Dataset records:
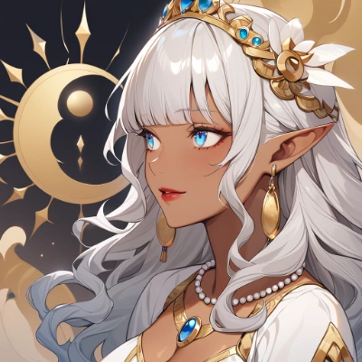 break ,masterpiece, best quality, framed, (detailed beautiful eyes:1.2),high resolution illustration,earrings, from side, portrait, circle, wavy hair, closed mouth, gem, upper body, beads, necklace, smile, flower, lips, sun symbol, dress, contrast, fantasy, parted lips, hair flower, border, pearl ,gemstone, lipstick, abstract, surreal, tarot, looking at another, gold, white dress, shirt, patterned background, facing another, light smile, expressionless, open mouth, feathers, tassel, solo, white shirt, crescent, symbolism, sun, looking away, bead necklace, diadem,,
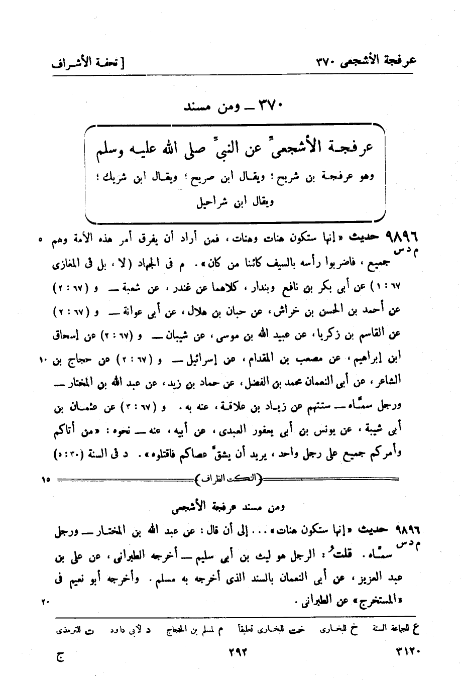 9896 -[م د س] حديث أنها ستكون هنات وهنات , فمن أراد أن يفرق أمر هذه الأمة وهم جميع , فاضربوا رأسه بالسيف كائناً من كان. (م) في الجهاد (لا , بل في المغازي 67: 1) عن أبي بكر بن نافع وبندار , كلاهما عن غندر، عن شعبة - و (67: 2) عن أحمد بن الحسن بن خراش، عن حبان بن هلال، عن أبي عوانة - و (67: 2) عن القاسم بن زكريا، عن عبيد الله بن موسى، عن شيبان - و (67: 2) عن إسحاق بن إبراهيم، عن مصعب بن المقدام، عن إسرائيل - و (67: 2) عن حجاج بن الشاعر، عن أبي النعمان محمد بن الفضل، عن حماد بن زيد، عن عبد الله بن المختار - ورجل سمَّاه - ستتهم عن زياد بن علاقة , عنه به. و (67: 3) عن عثمان بن أبي شيبة، عن يونس بن أبي يعفور العبدي، عن أبيه , عنه - نحوه: من أتاكم وأمركم جميع على رجل واحد , يريد أن يشقَّ عصاكم فاقتلوه.
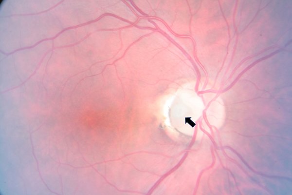 Figura 4. Retinografía color de polo posterior derecho con alteración a nivel del margen temporal del disco óptico (flecha: pit de papila).
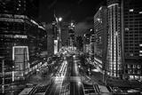 Beautiful panoramic aerial drone skyline view of the center of night Warsaw with skyscrapers in the background on avenues of John Paul II - the lights of the big city by night, Poland, EU
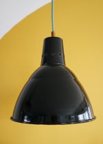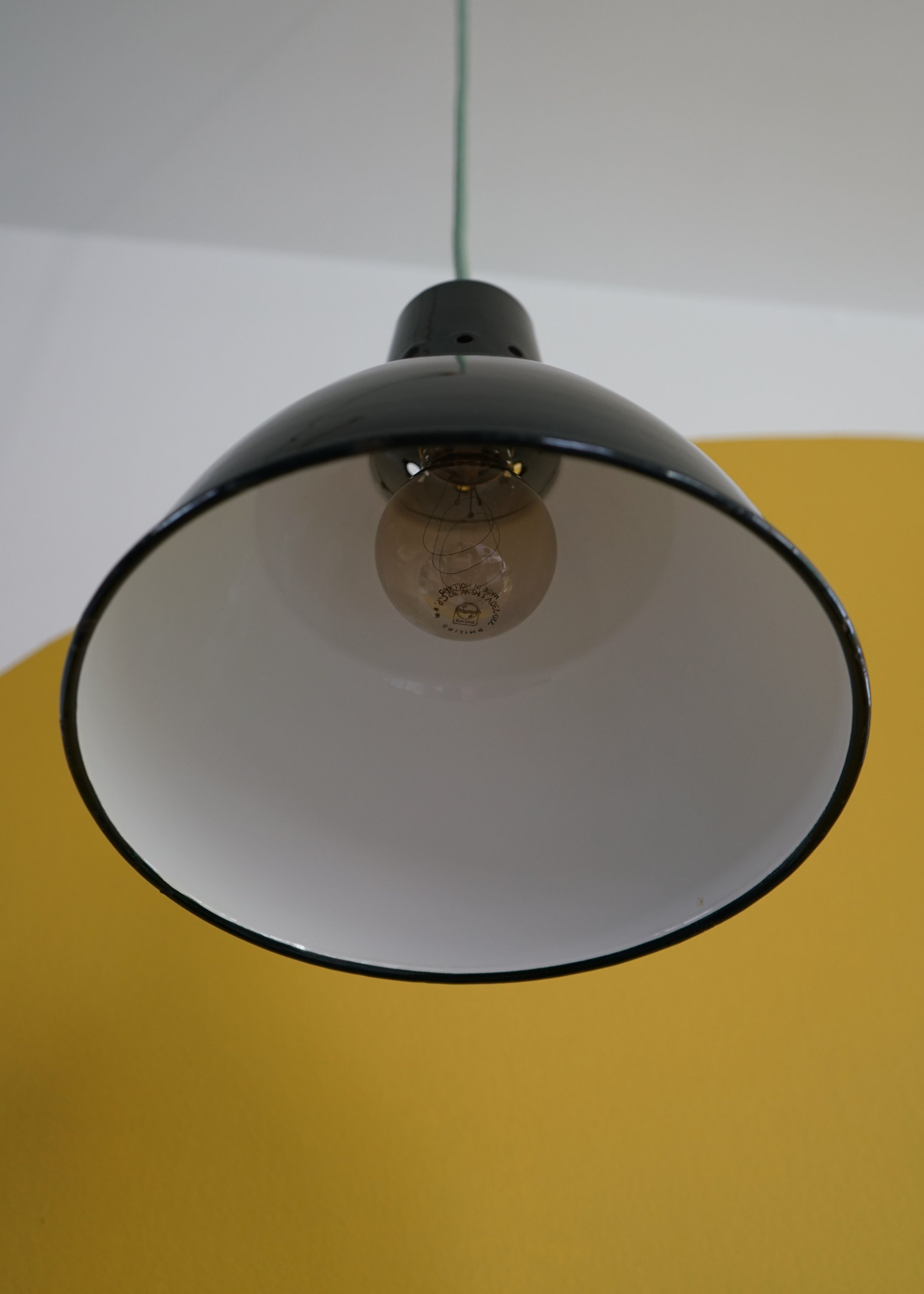 Durchmesser: 260mm Höhe: 280mm Material: Emaillierter Metalllampenschirm Farbe: Schwarz Fassung: E27 aus Messing/Kupfer und Keramik Kabellänge: 1.7m Kabelfarbe: Blattgrün ohne Leuchtmittel
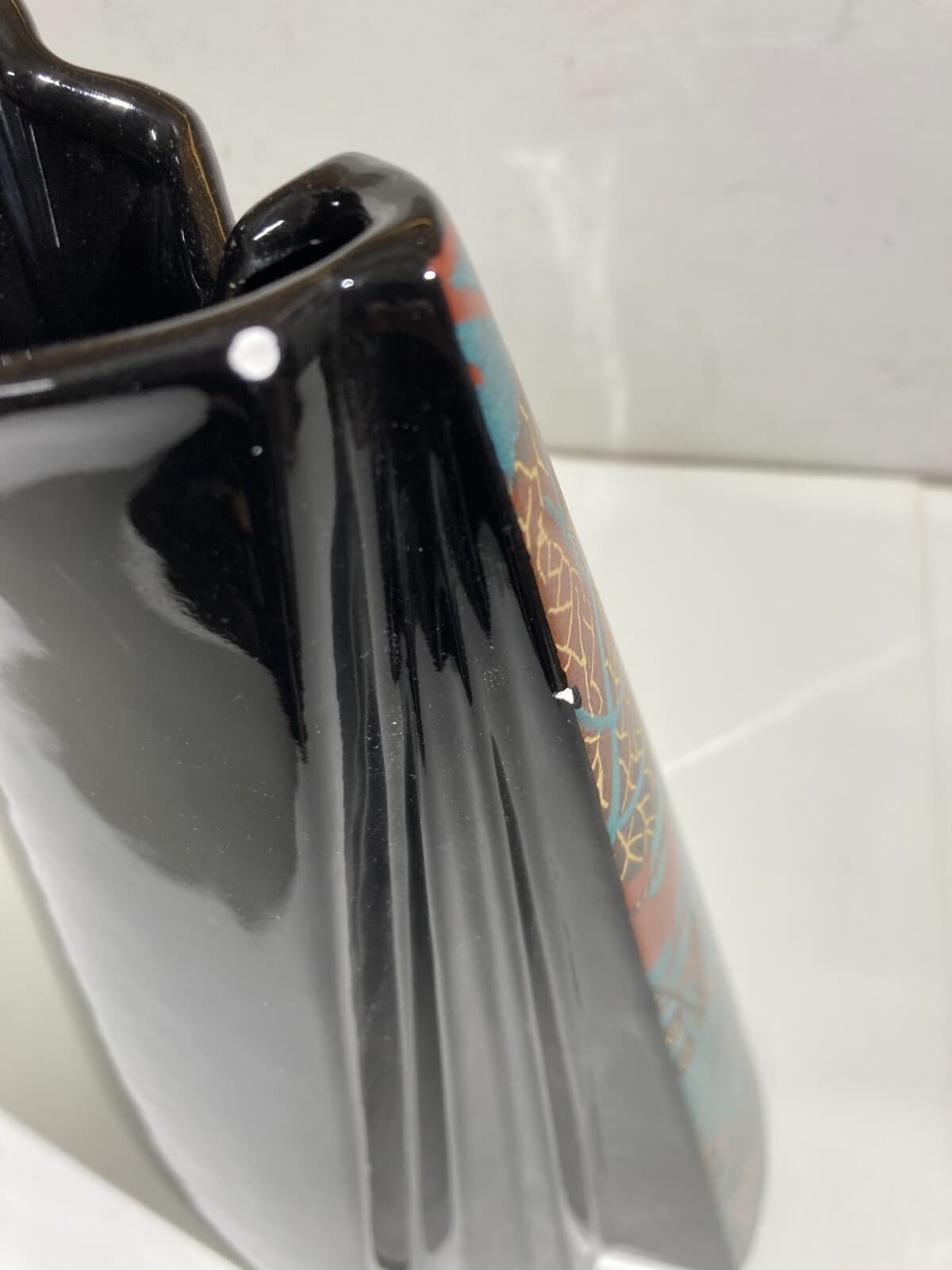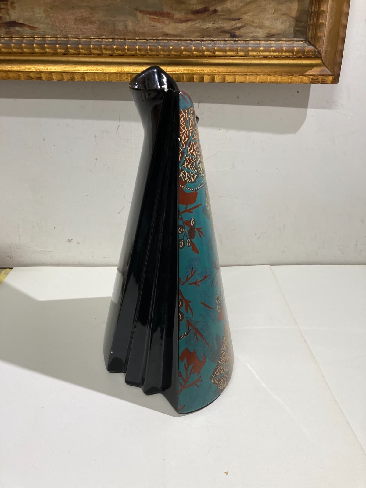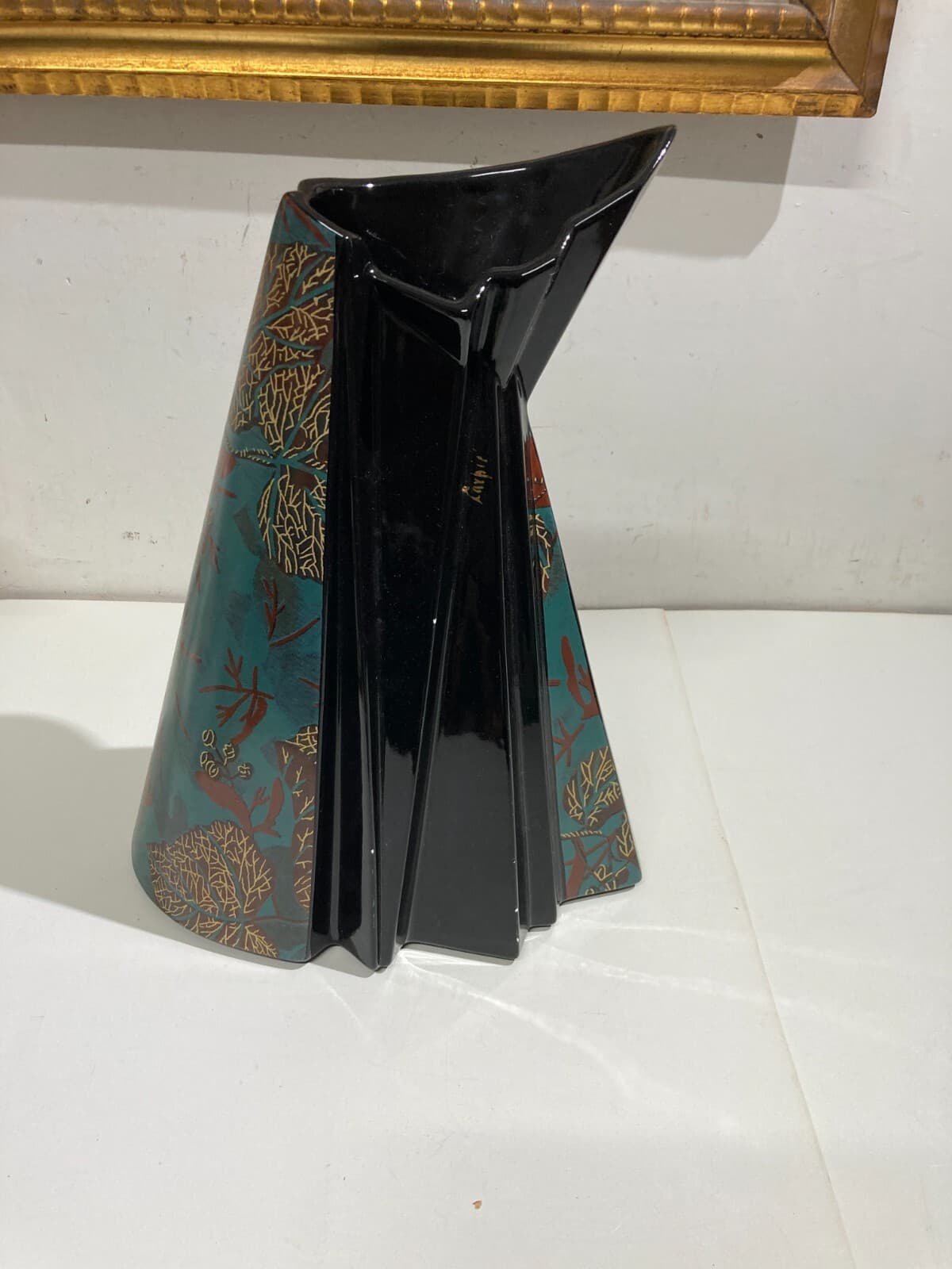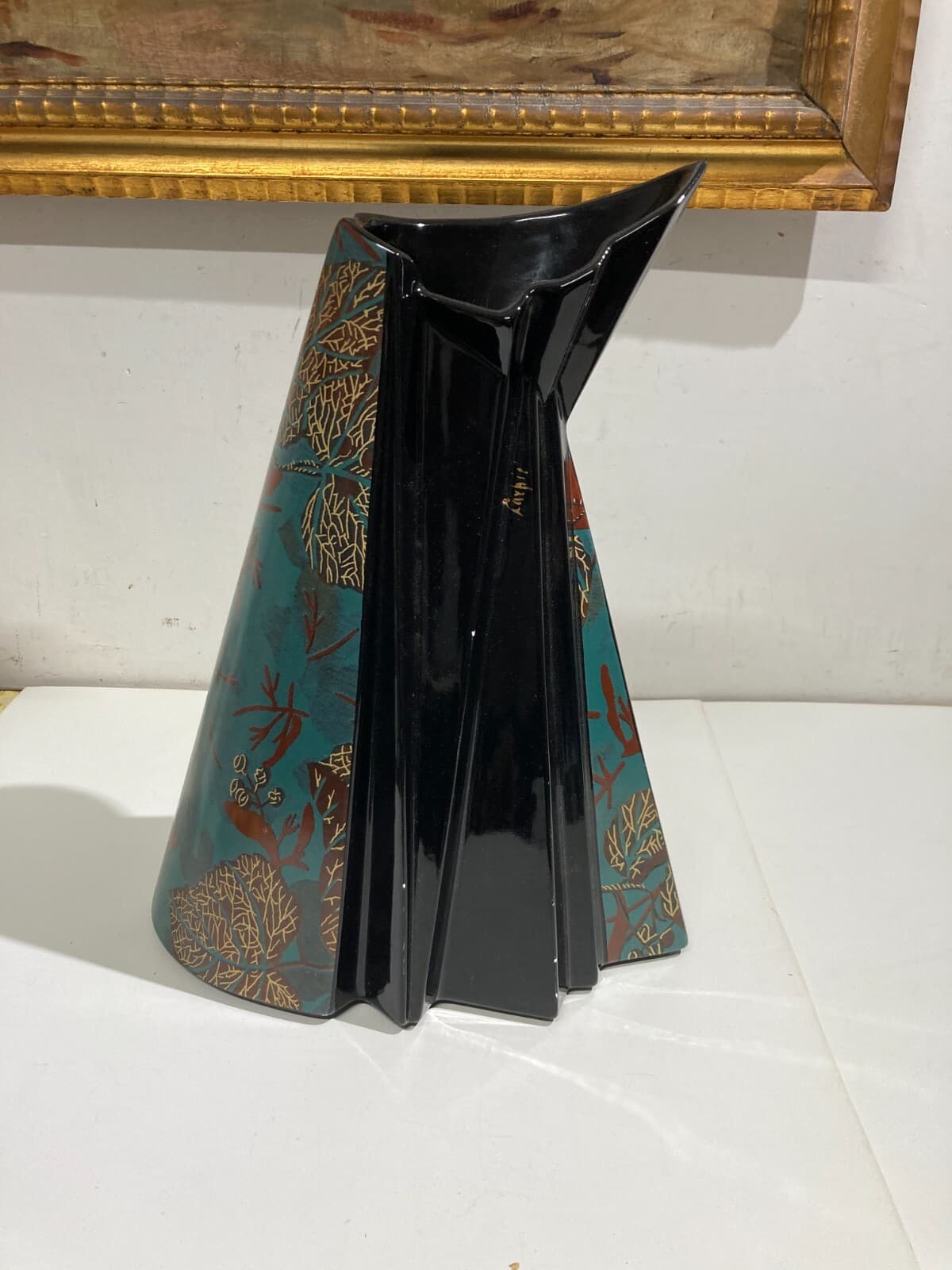 Vaso In Ceramica Carpiè Con Decoro Policromo

Your instructions: With the pictures left out, copy exactly the lines from the one containing "Beautiful panoramic aerial" through the last line of the data.

Answer for the task:
 Beautiful panoramic aerial drone skyline view of the center of night Warsaw with skyscrapers in the background on avenues of John Paul II - the lights of the big city by night, Poland, EU
 Durchmesser: 260mm Höhe: 280mm Material: Emaillierter Metalllampenschirm Farbe: Schwarz Fassung: E27 aus Messing/Kupfer und Keramik Kabellänge: 1.7m Kabelfarbe: Blattgrün ohne Leuchtmittel
 Vaso In Ceramica Carpiè Con Decoro Policromo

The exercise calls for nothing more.